European officials approved Dexcom's newest body-worn diabetes device on Monday, leading Dexcom stock to surge closer to its 50-day line.
The company can now launch its new continuous glucose monitor in Europe. The device is allowed for people ages 2 and older. It's called G7 and tracks a diabetic patient's blood sugar in real time. Officials gave it a CE Mark, signifying it has passed all regulatory standards in Europe.
Dexcom Chief Executive Kevin Sayer says the new device provides more glucose data on one screen. The device was designed in partnership with Alphabet's Verily Life Sciences. It's 60% smaller and has a redesigned mobile app.
"Dexcom G7 takes everything people love about G6 and makes it even better," Sayer said in a written statement.
On the stock market today, Dexcom stock jumped 4.4% to 407.29.
Dexcom Stock: Approval Follows Pandemic Delay
Continuous glucose monitors are primarily used by patients with Type 1 diabetes. These patients don't make enough insulin on their own. They require insulin shots or pumps. But there's a growing market among patients with Type 2 diabetes, which is progressive.
Further, there's a chance for pregnant women to use CGMs. In Europe, the G7 also gained approval in the latter group. The approval sparked Dexcom stock Monday.
The approval in Europe follows a 2020-21 delay due to the Covid pandemic.
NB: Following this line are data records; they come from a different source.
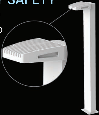
NV-BOLLARD 20W - 45W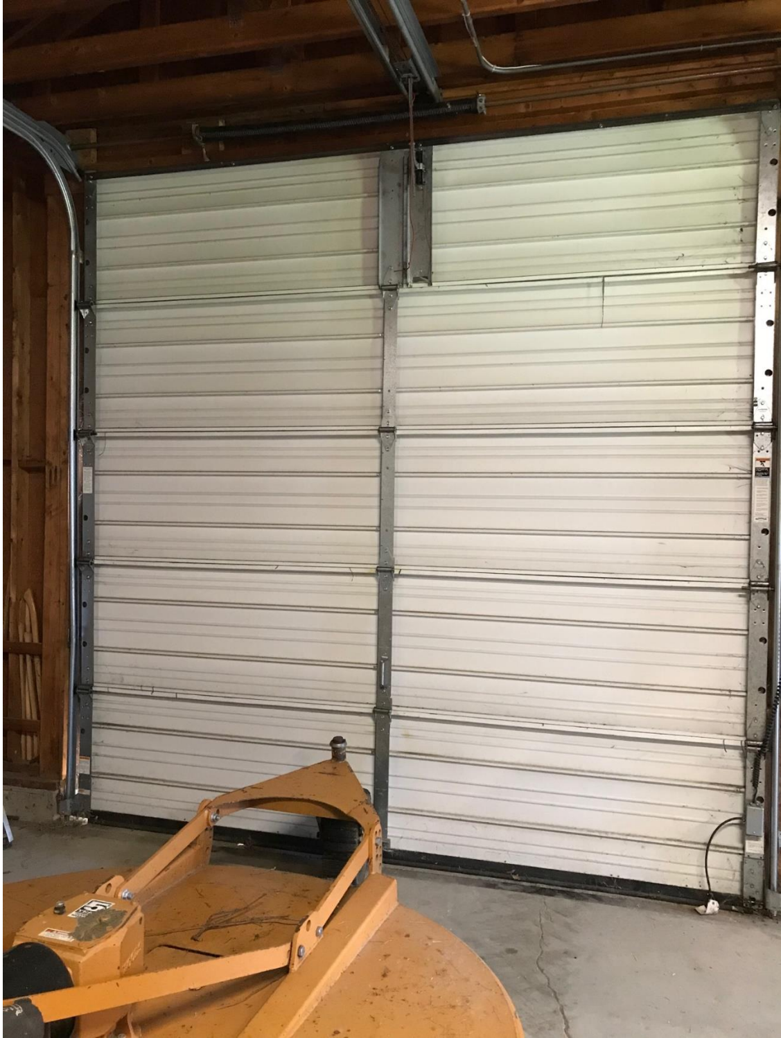
Informational Photo Number 3: Inside of standalone 2 bay garage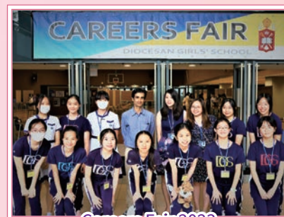
Careers Fair 2023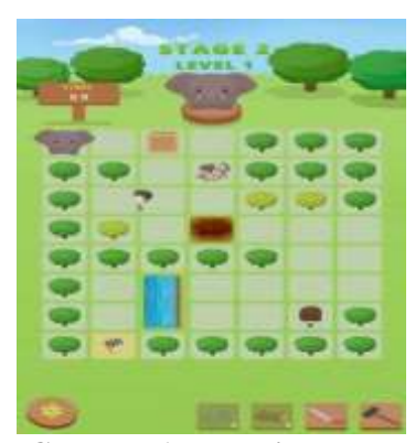
Gambar 6 Mekanik Batu

The game includes large rocks in addition to trees of different colours. These large stones can be used to add small stones to the inventory and to hoard obstacles, holes, and spikes.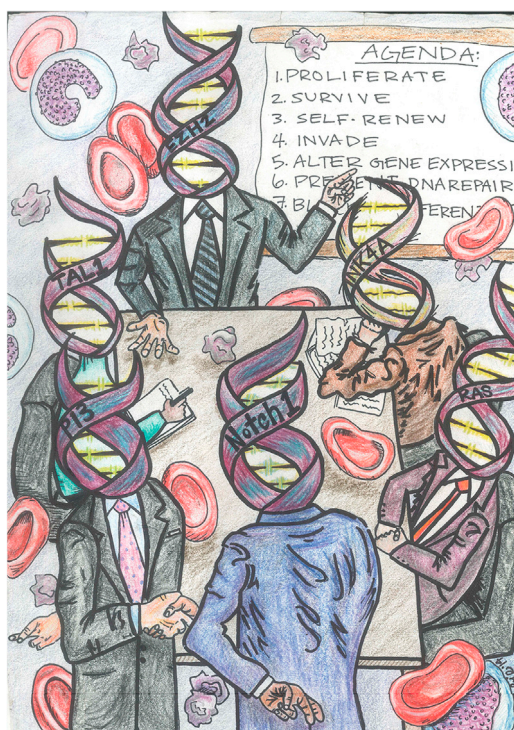
Unexpected signaling crosstalk underlies resistance to targeted therapy (Created by Caitlyn Webster; courtesy of Monique Dail and Kevin Shannon).

Years of efforts have been invested in developing targeted cancer therapies by identifying the unique features of cancer cells and designing specific molecules to eliminate them while sparing their healthy neighbors. Spurred on by the initial success of imatinib mesylate in treating Philadelphia chromosome-positive leukemia, the emergence of resistance to targeted therapies caught many off guard. Where is the resistance coming from? What makes the persisters special? And how might we stage a counteroffensive?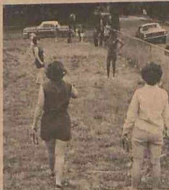
The girls' 1:40 P. E. class learns what to do with horseshoes.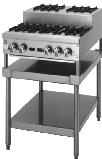
JHPE-218 shown with ST-24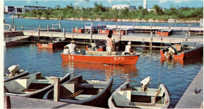
Rental Fishing Boats, Flamingo Marina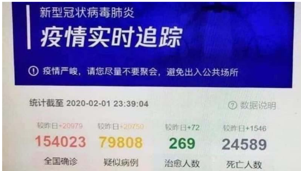
Tencent screengrab as of late Feb 1, showing far higher infections.

And while the number of cured cases was only 269, well below the official number that day of 300, most ominously, the death toll listed was 24,589, vastly higher than the 300 officially listed that day .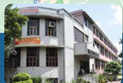
Plot No. 2, Sector 1, Vaishali Ph. No. : 0120-4236548, 4296548 www.modernschoolvaishali.com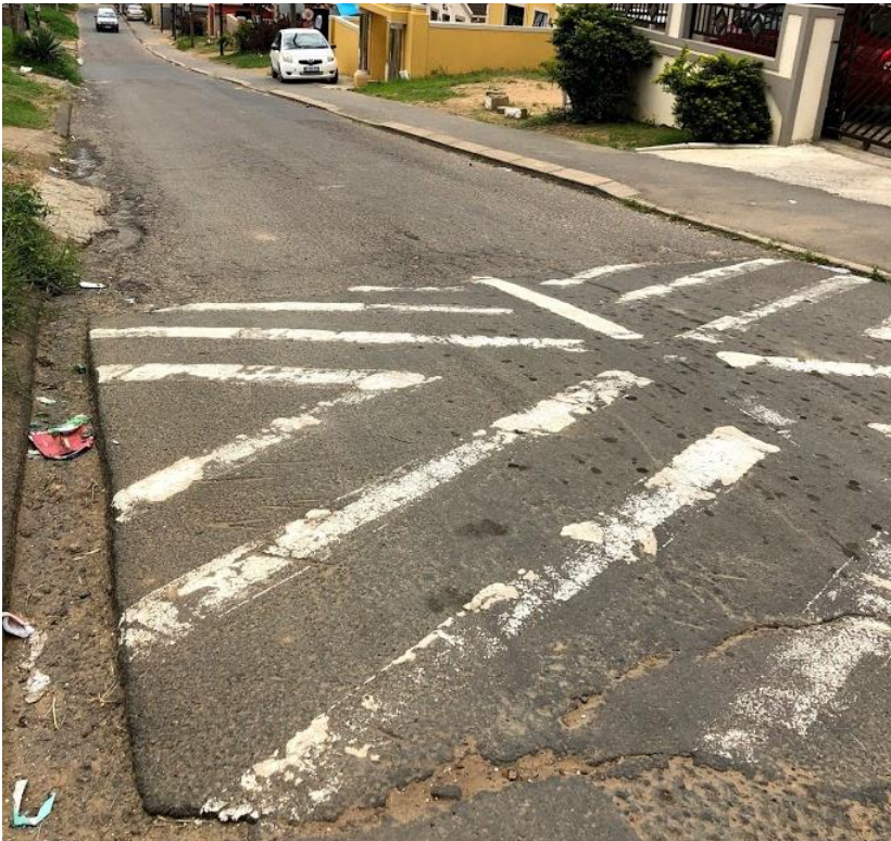
Sunday, November 24 th : A ‘recently’ constructed speed bump on Gardens Drive.

Some participants mentioned the efficacy of speed bumps in reducing pedestrian injuries in Cato, even in the last ten years. In addition, some participants recommended health and injury treatment education as a way to reduce the negative impacts of common childhood injuries.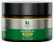
CBD MUSCLE & JOINT PAIN RELIEF GEL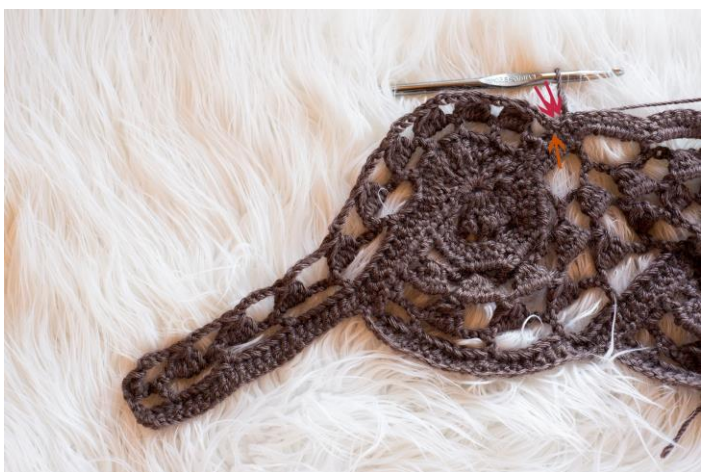
Photo 11: Row 4 Completed. Note the slip stitch into edge of prior shell (orange arrow), plus two more slip sts at end of row (red arrows).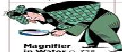
Magnifier in Water p. 328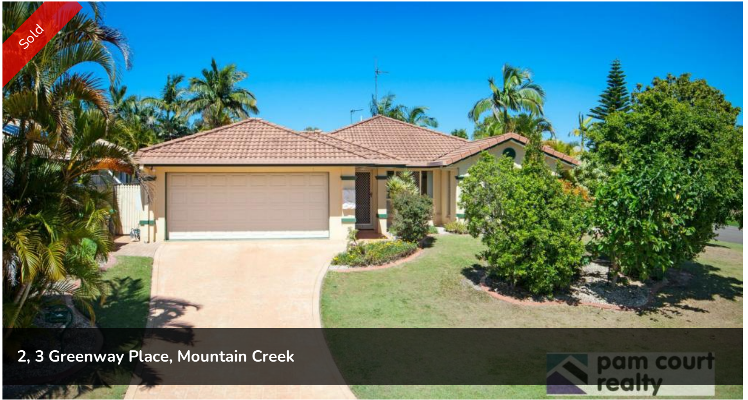
2, 3 Greenway Place, Mountain Creek

In January, CEO Sayer told Investor's Business Daily that he expected the G7 to launch this year in Europe and the U.S. He noted Dexcom added revenue in 2020-21, despite the delay and pandemic.
"We haven't missed a beat," he said. "Our G7 submission was delayed a little bit because we couldn't run the clinical study we needed. But we have plowed through and put ourselves in a wonderful position and I don't think that (message) should be lost."
But Dexcom stock is under pressure this year after peaking in November. Shares have fallen off since, echoing a similar downfall for the broader Medical-Products industry group.